A state appeals court yesterday upheld a $22.5 million award to a Massachusetts woman who sued the publisher of her memoir about surviving the Holocaust with the help of a pack of wolves that gave her food and protection. The author, Misha Defonseca, lost her home even after the book about her harrowing childhood in Europe during World War II became a best-seller overseas.

Defonseca and a coauthor sued the publisher, Mount Ivy Press, and its founder, Jane Daniel, for breach of contract in 1998. They accused Daniel of keeping royalties that belonged to them and hiding the money in offshore accounts. A judge later ordered Mt. Ivy and Daniel to pay a total of $32.4 million to Defonseca and her ghostwriter, Vera Lee of Newton, who was Daniel's friend and neighbor before the court battle.

Whoa, whoa... $32.4 million? Cared for by a pack of wolves?


The AP report gives barely any details, though I found at least a few more on this press release by Defonseca's lawyers at Sullivan & Worcestor:

The verdict and the decision on triple damages are the culmination of several years' legal effort by Defonseca and her law firm, Sullivan & Worcester LLP. The firm has pursued Defonseca's case without payment because of the compelling circumstances of Defonseca's life and her victimization at the hands of Mt. Ivy.

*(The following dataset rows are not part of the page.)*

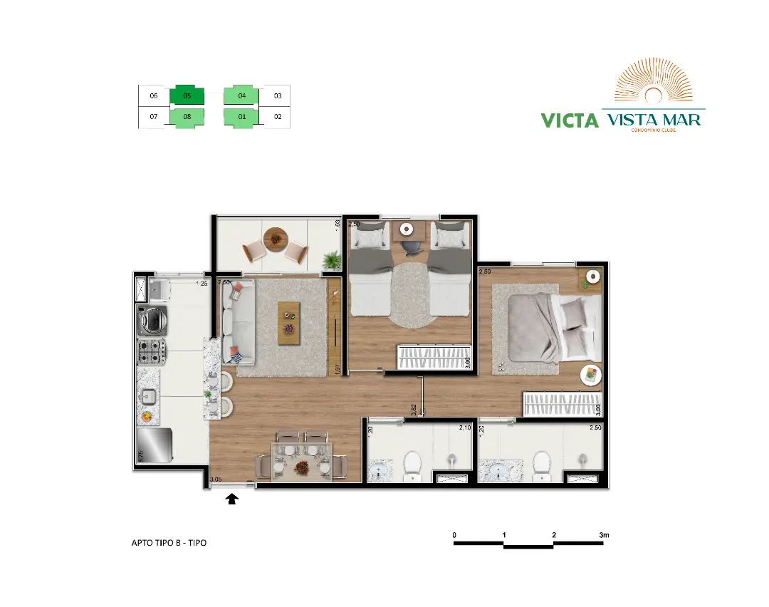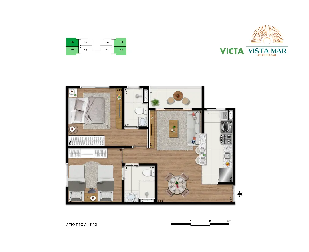 Configuração: Apartamentos com 2 suítes (sendo 1 reversível em alguns modelos).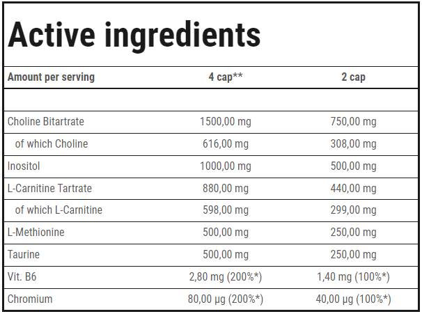 Всяка доза съдържа: холин битартрат 750.00mg, от които холин 308,00mg, инозитол 500,00mg, L-карнитин тартарат 440,00mgот които L-карнитин 299,00mg, L-метионин 250,00mg, таурин 250,00mg, витамин В6 1,40mg, хром 40.00mcg, витамин B5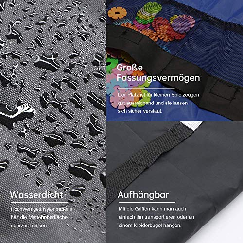 【Pieghevole e portatile】 Se necessario, il tappetino per giocattoli può essere piegato in piccoli pezzi senza occupare spazio. Con un design a chiusura rapida, basta tirare la tracolla e riporre il giocattolo nella borsa a tracolla in pochi secondi.La mamma non deve più preoccuparsi di risolvere i problemi dei giocattoli per bambini e del corpo stanco e dolorante. La Borsa Per Giocattoli è davvero facile e veloce.

First published by Mt. Ivy Press in 1997, "Misha: A Memoir of the Holocaust Years" was a bestseller in France, Italy and Quebec, and caught the eye of movie producers, including Walt Disney Studios. However, it sold only 5,000 copies in the United States because Mt. Ivy terminated marketing efforts, including a segment on the Oprah Winfrey Show, in support of the book in 1997. Misha Defonseca now hopes to tell her story in the United States by reprinting the book and selling its movie rights.

I see that the book is also selling well under the title Surviving With Wolves on Amazon UK -- though, oddly, I don't see any newspaper coverage or reviews of it over there, either. Incidentally: has there ever been an actual substantiated case of a child being tended to by wolves? I mean, outside of Kipling stories?

Just wondering.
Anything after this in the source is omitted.